*TASK ITEM*:
Go through the records below and show every line with the string "proyección".

── DATA EXTRACT

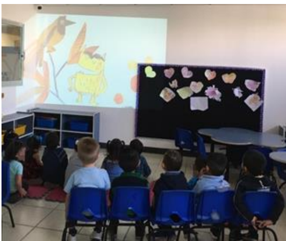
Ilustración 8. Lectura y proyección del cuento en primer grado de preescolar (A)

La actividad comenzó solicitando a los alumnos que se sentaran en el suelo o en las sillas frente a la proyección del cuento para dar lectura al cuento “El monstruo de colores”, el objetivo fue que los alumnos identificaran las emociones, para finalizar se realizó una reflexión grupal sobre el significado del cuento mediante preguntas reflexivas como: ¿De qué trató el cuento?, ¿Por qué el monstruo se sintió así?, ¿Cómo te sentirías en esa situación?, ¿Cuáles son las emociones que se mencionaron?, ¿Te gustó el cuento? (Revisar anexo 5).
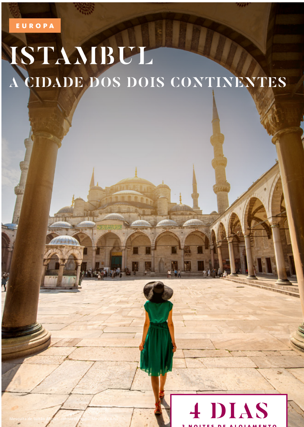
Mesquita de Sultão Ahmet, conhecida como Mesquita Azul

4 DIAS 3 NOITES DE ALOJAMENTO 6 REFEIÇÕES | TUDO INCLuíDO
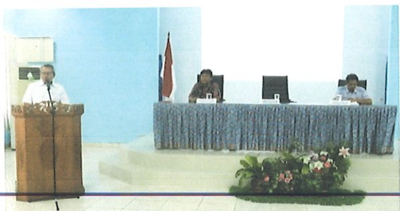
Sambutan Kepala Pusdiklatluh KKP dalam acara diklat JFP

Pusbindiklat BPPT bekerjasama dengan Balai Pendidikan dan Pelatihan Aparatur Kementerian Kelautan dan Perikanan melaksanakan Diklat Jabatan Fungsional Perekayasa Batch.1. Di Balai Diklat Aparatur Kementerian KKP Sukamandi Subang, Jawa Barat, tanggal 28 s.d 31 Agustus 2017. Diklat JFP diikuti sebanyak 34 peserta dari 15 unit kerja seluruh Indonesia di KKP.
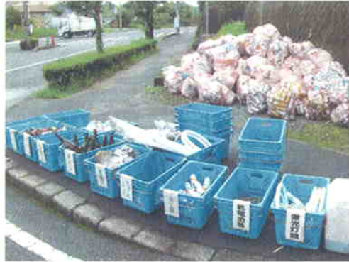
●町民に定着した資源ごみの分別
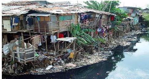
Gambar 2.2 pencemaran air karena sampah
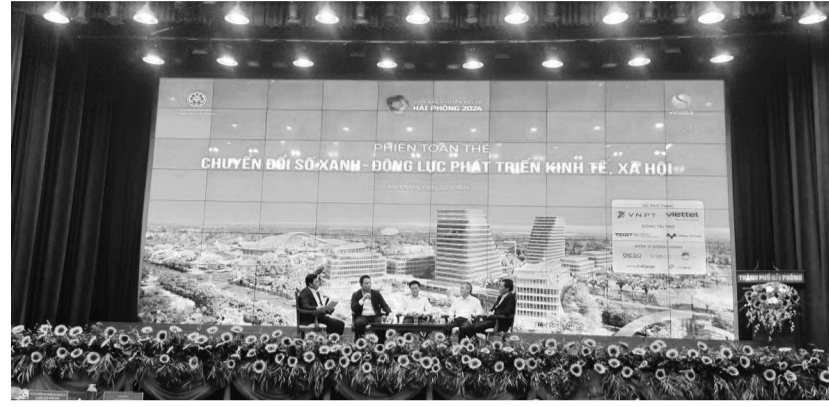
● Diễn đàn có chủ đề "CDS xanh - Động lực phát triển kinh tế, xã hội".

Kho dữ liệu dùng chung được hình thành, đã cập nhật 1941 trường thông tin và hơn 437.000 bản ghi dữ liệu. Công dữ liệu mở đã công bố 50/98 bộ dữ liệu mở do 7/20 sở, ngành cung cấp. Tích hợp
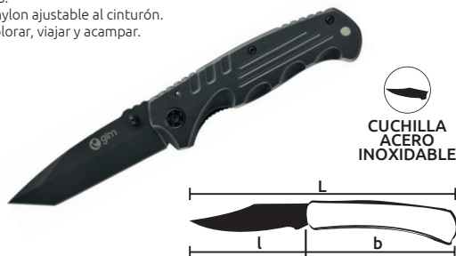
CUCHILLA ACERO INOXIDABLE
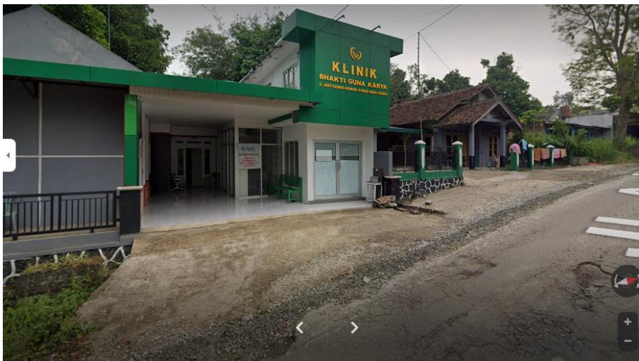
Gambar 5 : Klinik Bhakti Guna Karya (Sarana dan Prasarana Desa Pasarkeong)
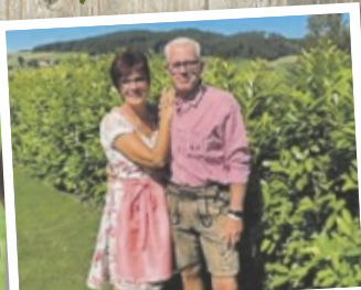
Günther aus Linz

────

*SOLUTION TO THIS TASK*:
Ilustración 8. Lectura y proyección del cuento en primer grado de preescolar (A)
La actividad comenzó solicitando a los alumnos que se sentaran en el suelo o en las sillas frente a la proyección del cuento para dar lectura al cuento “El monstruo de colores”, el objetivo fue que los alumnos identificaran las emociones, para finalizar se realizó una reflexión grupal sobre el significado del cuento mediante preguntas reflexivas como: ¿De qué trató el cuento?, ¿Por qué el monstruo se sintió así?, ¿Cómo te sentirías en esa situación?, ¿Cuáles son las emociones que se mencionaron?, ¿Te gustó el cuento? (Revisar anexo 5).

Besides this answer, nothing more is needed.